Try it. Leave out the pictures and retype, exactly, the lines below from the line with "保護者、在校生が出席し、来賓" up to and including the line with "### 沐沐台球助教:助您提升技艺的好帮手-沐沐台球助教", nothing more.

Records to process.
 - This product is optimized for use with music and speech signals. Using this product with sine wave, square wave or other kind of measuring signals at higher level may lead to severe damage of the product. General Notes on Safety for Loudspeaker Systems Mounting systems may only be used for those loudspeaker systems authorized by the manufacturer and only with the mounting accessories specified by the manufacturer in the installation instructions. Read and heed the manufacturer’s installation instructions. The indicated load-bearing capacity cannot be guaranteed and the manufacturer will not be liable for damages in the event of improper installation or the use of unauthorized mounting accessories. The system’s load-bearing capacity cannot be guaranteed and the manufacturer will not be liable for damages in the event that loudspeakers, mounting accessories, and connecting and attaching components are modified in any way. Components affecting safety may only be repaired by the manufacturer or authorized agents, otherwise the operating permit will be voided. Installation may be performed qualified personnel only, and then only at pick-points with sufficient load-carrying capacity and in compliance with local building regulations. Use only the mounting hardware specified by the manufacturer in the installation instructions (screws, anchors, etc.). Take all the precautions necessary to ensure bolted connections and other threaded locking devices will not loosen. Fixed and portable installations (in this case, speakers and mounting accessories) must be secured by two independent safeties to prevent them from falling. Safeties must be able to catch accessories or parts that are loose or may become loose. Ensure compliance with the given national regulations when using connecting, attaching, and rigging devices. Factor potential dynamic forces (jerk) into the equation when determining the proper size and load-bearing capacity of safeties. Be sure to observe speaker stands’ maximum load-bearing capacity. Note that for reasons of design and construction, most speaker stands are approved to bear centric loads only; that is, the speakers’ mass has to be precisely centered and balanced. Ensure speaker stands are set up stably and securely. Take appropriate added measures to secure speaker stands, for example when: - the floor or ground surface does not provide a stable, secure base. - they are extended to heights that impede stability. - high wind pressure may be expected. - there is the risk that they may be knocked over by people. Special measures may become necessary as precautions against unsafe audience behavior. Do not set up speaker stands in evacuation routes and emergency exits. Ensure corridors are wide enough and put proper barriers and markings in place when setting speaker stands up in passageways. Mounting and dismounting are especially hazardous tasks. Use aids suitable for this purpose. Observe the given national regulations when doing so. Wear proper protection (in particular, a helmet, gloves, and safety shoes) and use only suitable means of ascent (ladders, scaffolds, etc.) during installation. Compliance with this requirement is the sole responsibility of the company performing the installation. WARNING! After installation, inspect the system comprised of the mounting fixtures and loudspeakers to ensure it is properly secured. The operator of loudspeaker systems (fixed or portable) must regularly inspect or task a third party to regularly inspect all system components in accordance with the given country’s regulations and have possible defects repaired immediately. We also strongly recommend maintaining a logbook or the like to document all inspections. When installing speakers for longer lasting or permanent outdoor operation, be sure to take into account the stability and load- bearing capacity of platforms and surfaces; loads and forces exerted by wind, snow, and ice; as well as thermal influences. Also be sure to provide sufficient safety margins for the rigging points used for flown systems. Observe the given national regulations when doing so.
---
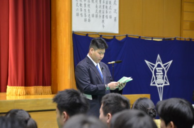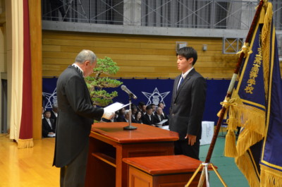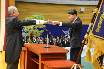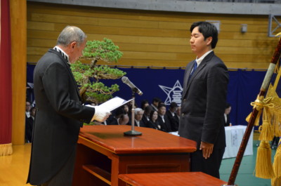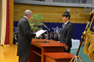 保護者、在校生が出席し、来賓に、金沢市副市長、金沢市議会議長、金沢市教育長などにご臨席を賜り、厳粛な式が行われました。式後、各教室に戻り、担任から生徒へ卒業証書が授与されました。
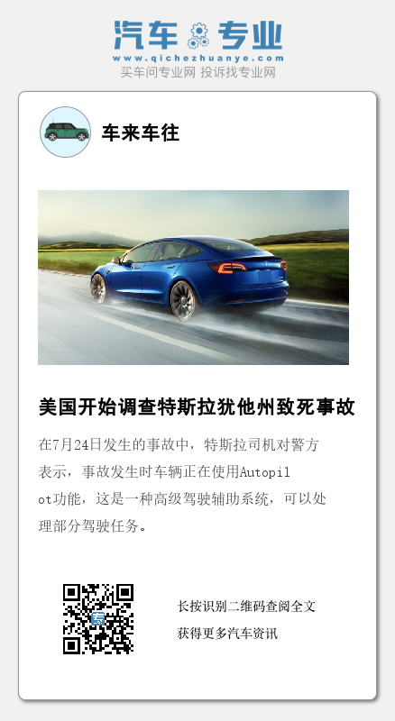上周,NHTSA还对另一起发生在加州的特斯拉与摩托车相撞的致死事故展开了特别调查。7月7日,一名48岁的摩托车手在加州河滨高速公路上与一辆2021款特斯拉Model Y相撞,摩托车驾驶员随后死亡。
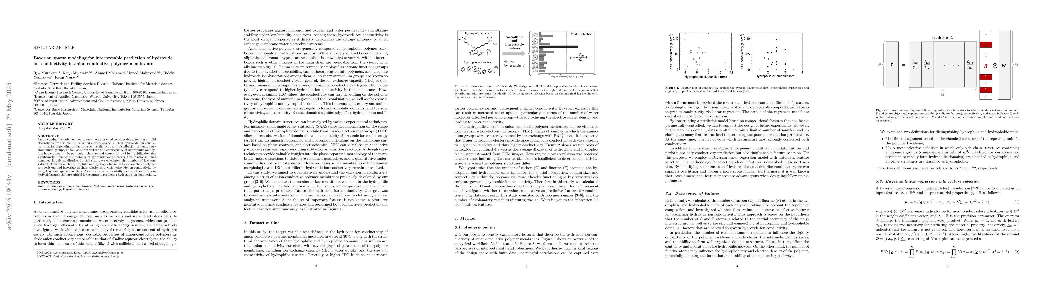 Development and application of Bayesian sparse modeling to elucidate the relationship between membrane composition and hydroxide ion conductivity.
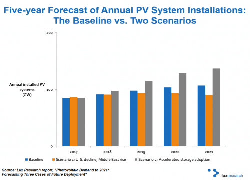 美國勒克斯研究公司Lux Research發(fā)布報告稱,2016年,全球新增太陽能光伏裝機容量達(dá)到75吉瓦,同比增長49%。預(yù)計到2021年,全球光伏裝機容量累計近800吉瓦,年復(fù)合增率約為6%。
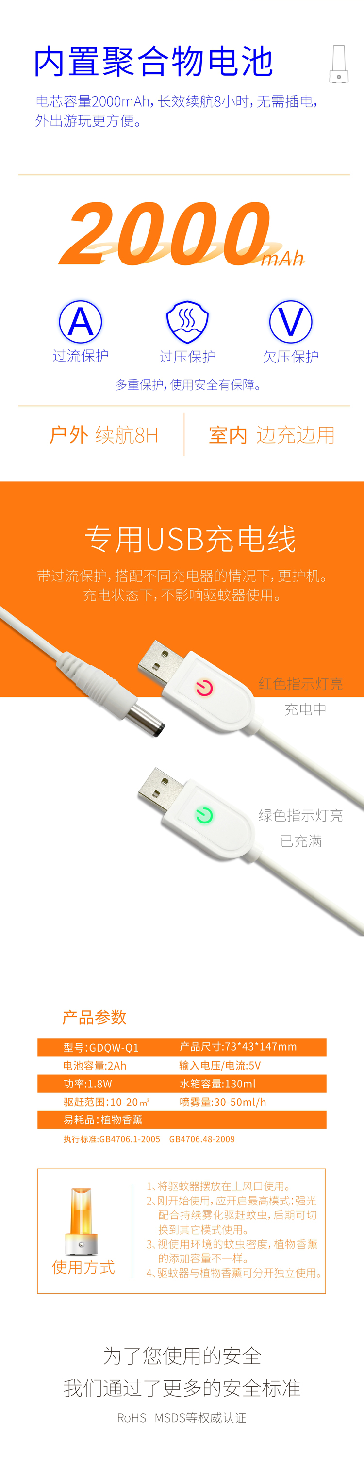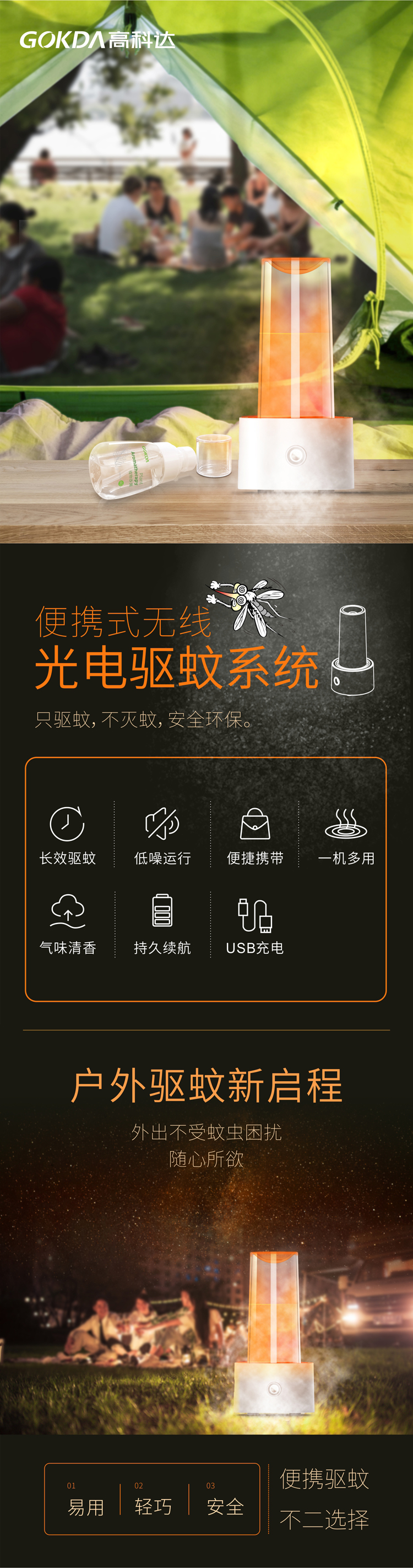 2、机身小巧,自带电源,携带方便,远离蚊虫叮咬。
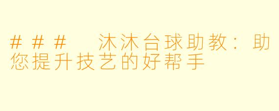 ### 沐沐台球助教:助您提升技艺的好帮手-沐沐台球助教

Answer to this problem.
 保護者、在校生が出席し、来賓に、金沢市副市長、金沢市議会議長、金沢市教育長などにご臨席を賜り、厳粛な式が行われました。式後、各教室に戻り、担任から生徒へ卒業証書が授与されました。
上周,NHTSA还对另一起发生在加州的特斯拉与摩托车相撞的致死事故展开了特别调查。7月7日,一名48岁的摩托车手在加州河滨高速公路上与一辆2021款特斯拉Model Y相撞,摩托车驾驶员随后死亡。
 Development and application of Bayesian sparse modeling to elucidate the relationship between membrane composition and hydroxide ion conductivity.
 美國勒克斯研究公司Lux Research發(fā)布報告稱,2016年,全球新增太陽能光伏裝機容量達(dá)到75吉瓦,同比增長49%。預(yù)計到2021年,全球光伏裝機容量累計近800吉瓦,年復(fù)合增率約為6%。
 2、机身小巧,自带电源,携带方便,远离蚊虫叮咬。
 ### 沐沐台球助教:助您提升技艺的好帮手-沐沐台球助教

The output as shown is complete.